Department of Urology, Shin-Kokura Hospital, Federation of National Public Service and Affiliated Personnel Mutual Aid Association, Kitakyushu, 803-0816, Japan; Department of Urology, University of Occupational and Environmental Health, Kitakyushu, 807-8555, Japan.
Daiichi Sankyo RD Novare, Co. Ltd, Tokyo, 134-8630, Japan.
J Infect Chemother. 2022 Mar;28(3):377-383. doi: 10.1016/j.jiac.2021.11.011. Epub 2021 Nov 24.

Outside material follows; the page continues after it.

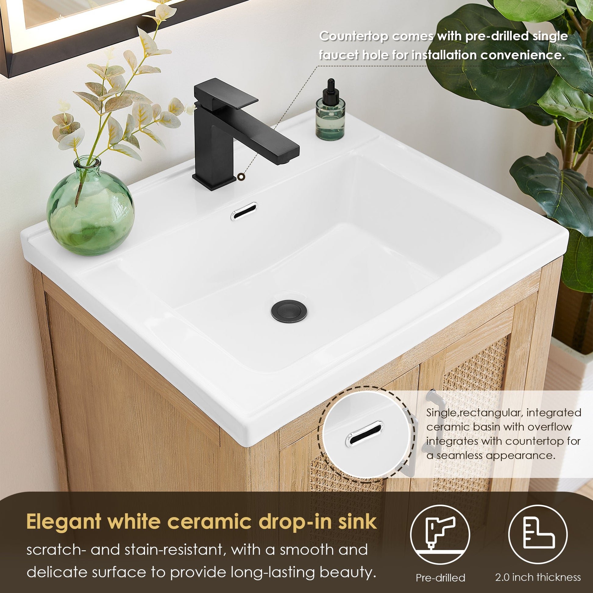 - Elegant white ceramic countertop, scratch- and stain-resistant, with a smooth and delicate surface to provide long-lasting beauty

The mechanisms of fluoroquinolone-resistance of Mycoplasma genitalium were analysed by a new method.
M. genitalium strains from urinary sediments of patients with urethritis were isolated and examined antimicrobial susceptibilities and the mutations in ParC, GyrA and 23S rRNA. Docking models between gyrase and topoisomerase IV with sitafloxacin showed that two binding modes in which the amine moiety at the C-7 position rotated could be constructed.
Among 18 strains, 13 strains had mutations with amino-acid changes at Serine 83 in ParC. The MICs of moxifloxacin or sitafloxacin for three strains with only S83I in ParC were 2, 1 and 8 mg/L (moxifloxacin) or 0.13, 0.13 and 1 mg/L (sitafloxacin), respectively. In contrast, the MICs of moxifloxacin or sitafloxacin for 3 strain with S83N in ParC were 0.25, 0.13 and 0.25 mg/L (moxifloxacin) or 0.06, 0.03, and 0,03 mg/L (sitafloxacin), respectively, not significantly different from wild-type isolates. The docking model of sitafloxacin and topoisomerase IV showed that the oxygen atom at the gamma position of Serine 83 of ParC interacted with the sitafloxacin carboxylate moiety. When the S83I substitution occurs, the isoleucine side chain is lipophilic and the residue hydropathy changes from hydrophilicity to hydrophobicity and important H-bond interactions between serine and the carboxylate moiety are lost. When the serine 83 to asparagine substitution (S83N) occurred, the asparagine side chain is hydrophilic and the residue hydropathy does not change.
The docking model suggests that Ser83 replacements causes attenuation or loss of activity of fluoroquinolones such as sitafloxacin.
本研究采用新方法分析解脲支原体对氟喹诺酮类药物耐药的机制。
从尿道炎患者尿沉渣中分离解脲支原体菌株,检测其抗菌药物敏感性及 ParC、GyrA 和 23S rRNA 突变情况。利用对接模型分析吉西沙星与拓扑异构酶 IV 与 gyrase 的结合方式,发现 C-7 位的氨基可以发生两种旋转构象。
在 18 株菌中,有 13 株菌 ParC 第 83 位丝氨酸发生氨基酸改变。3 株菌仅存在 ParC 第 83 位丝氨酸突变为 Ile(S83I)时,对莫西沙星或西他沙星的 MIC 值分别为 2、1 和 8mg/L(莫西沙星)或 0.13、0.13 和 1mg/L(西他沙星);而 3 株菌存在 ParC 第 83 位丝氨酸突变为 Asn(S83N)时,对莫西沙星或西他沙星的 MIC 值分别为 0.25、0.13 和 0.25mg/L(莫西沙星)或 0.06、0.03 和 0mg/L(西他沙星),与野生型菌株无显著差异。西他沙星与拓扑异构酶 IV 的对接模型显示,ParC 第 83 位丝氨酸的γ位氧原子与西他沙星的羧基部分相互作用。当 S83I 取代发生时,异亮氨酸侧链为疏水性,残基疏水性从亲水性变为疏水性,丝氨酸与羧基部分的重要氢键相互作用丢失。当丝氨酸 83 突变为天冬酰胺(S83N)时,天冬酰胺侧链为亲水性,残基疏水性不变。
对接模型提示,Ser83 取代导致西他沙星等氟喹诺酮类药物活性降低或丧失。